"DIRIMU AKAN MENJADI DIRIKU, KAU AKAN MENERIMA BALASAN ATAS APA YANG TELAH ENGKAU KATAKAN!" pekik Dewi angin mengudara.
Tubuh Anila yang berada dalam genggaman Dewi angin dilempar jauh ke langit, tubuhnya digulung habis oleh pusaran angin. Tangan kiri sang Dewi membuat sebuah kabut tebal berwarna merah kehitaman.
Wajah geram Dewi angin sangatlah menakutkan, ditambah kabut yang berada dalam cengkeramannya telah siap diarahkan kuat menerjang tubuh Anila.
Tubuh mungil kecil itu terpanting jauh ke angkasa, Anila tidak jatuh, tubuhnya menggantung, tertahan di udara.
Wajahnya digulung sedemikian rupa, dadanya terasa sesak seperti di timpa seribu batu yang menghantam tiba-tiba.
Jantungnya seperti hendak dikeluarkan paksa, hingga tiada lagi satupun kata yang mampu keluar dari mulutnya. Namun, matanya masih terus terpejam.
"Aeh..."
Hanya sebuah hembusan kasar nafas terakhir yang mampu Anila tunjukkan dari rasa sakit yang sungguh luar biasa.
Anila sudah pasrah menyerahkan dirinya kepada Tuhan. Mungkin, inilah akhir terburuk dari sikapnya yang tidak layak diberi toleransi atau dimaafkan.
Dewi angin terus memutar cepat tubuh Anila, dirinya terus mengerahkan kekuatannya kepada tubuh lemah yang tidak berdaya itu. Diputarnya semakin cepat, hingga semakin lama tubuh Anila seperti semakin akan menghilang jua.
Waktu terus berlalu,
Baku dan Tak-baku tidak bisa diam saja menyaksikan kejamnya perilaku Dewi angin terhadap manusia yang jelas-jelas itu melanggar hukum yang ada.
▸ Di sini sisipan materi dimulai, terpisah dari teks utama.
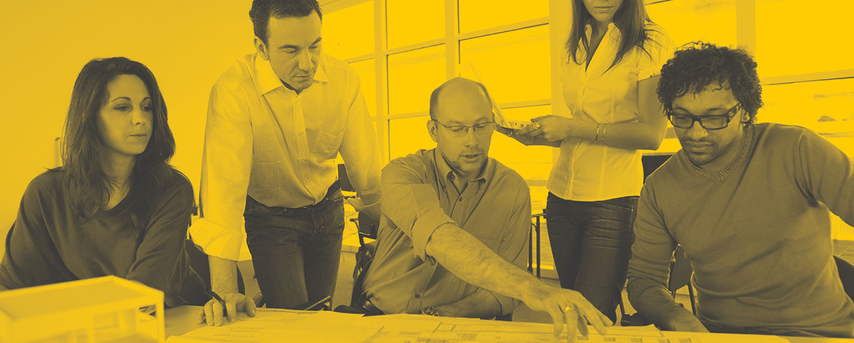 A team of architects reviewing architecture plans on a desk in an office.

Berhubung sang Dewi sedang fokus terhadap Anila, kedua bocah kembar itu mendapatkan ide untuk melaporkan kejahatan Dewi angin kepada Ibunya.
"Mari, kita harus segera menemui Ratu," ajak Baku menarik tangan Tak-baku keluar dari kerumunan penduduk.
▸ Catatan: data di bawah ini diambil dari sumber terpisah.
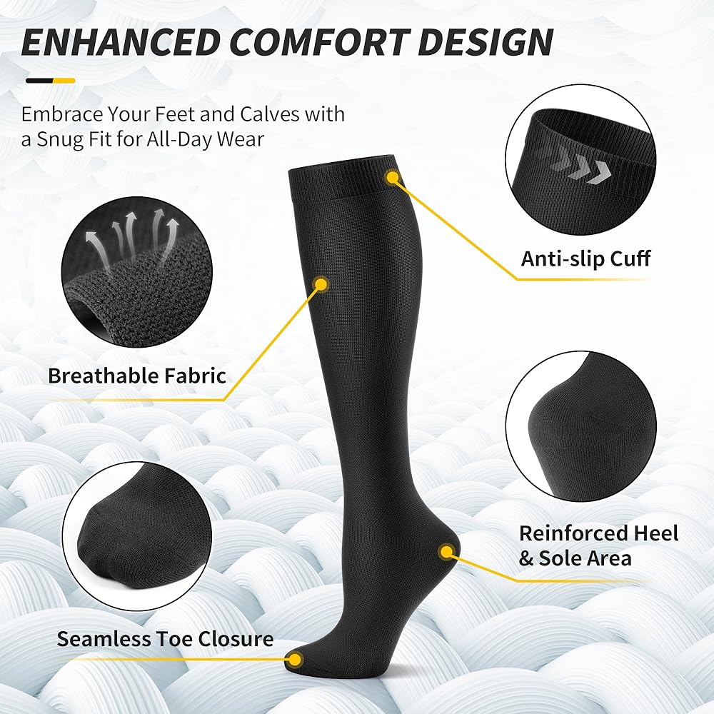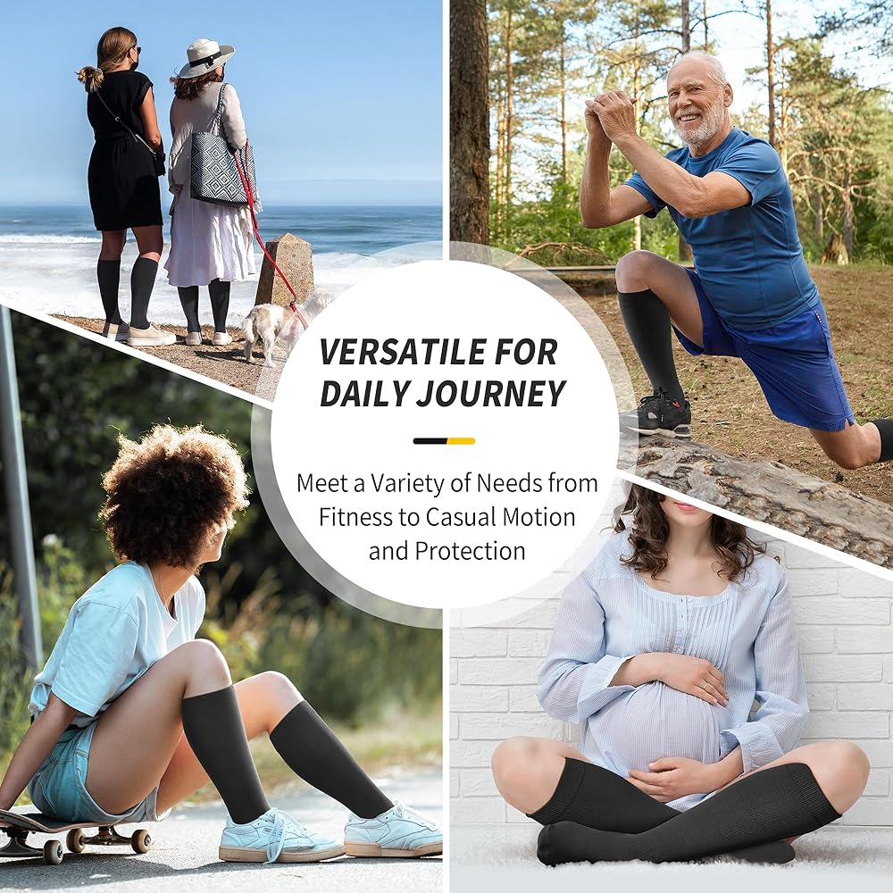 • للأداء الرياضي والارتداء اليومي: الجوارب الرياضية القابلة للتمدد مثالية للجميع بدءًا من الرياضيين وهواة اللياقة البدنية وحتى المسافرين المتكررين والعاملين في المكاتب؛ مثالي للممرضات، وأي شخص يقف طوال اليوم، والذين يعانون من مشاكل في الدورة الدموية؛ تلبي احتياجات النساء الحوامل أيضًا؛ تقديم الراحة والدعم في كل خطوة وفي كل موسم

Mereka bergegas cepat, menjumpai kediaman Ratu angin yang merupakan Ibu Dewi angin.
Tubuh Anila semakin lama, semakin memudar, hingga tidak tampak. Setengah dari tubuhnya telah hilang dilahap angin, yang tersisa hanyalah tinggal bagian kepala saja. Mungkin beberapa menit lagi, kepala itu pun akan hangus bersama dengan angin yang menyelimuti tubuh Anila saat ini.
10 menit lagi.
Kedua penjaga menghadang Baku dan Tak-baku untuk memasuki kediaman sang Ratu,
"Biarkan kami masuk," kata mereka kompak.
"Kalian siapa?" hardik sang penjaga
"Ini sangat gawat, kami harus segera menemui Ratu," bantah Baku dengan kakinya yang masih gemetar hebat.
"Ratu angin tidak dapat ditemui oleh sembarang orang," tolak penjaga itu.
"Ini benar-benar gawat, ayolah..."
"Tidak!" penjaga itu masih bersikeras menolak.
9 menit.
"Apa kau lihat mendung di sana? Lihatlah di sana ada manusia yang sedang sekarat," ucap Tak-baku, membantu Baku bicara.
Kedua penjaga itu ternganga melihat manusia di atas langit yang menghitam pekat. Ini pertana kalinya bagi mereka melihat manusia secara langsung.
"Manusia!" tubuh kedua penjaga itu tertegun hingga menjadi arca.
9,20 menit.
"Ayo Tak-baku, segera...." Mereka berdua segera berlari memasuki kediaman sang Ratu.
8 menit.
"Ratu," tegur Baku dan Tak-baku bersamaan.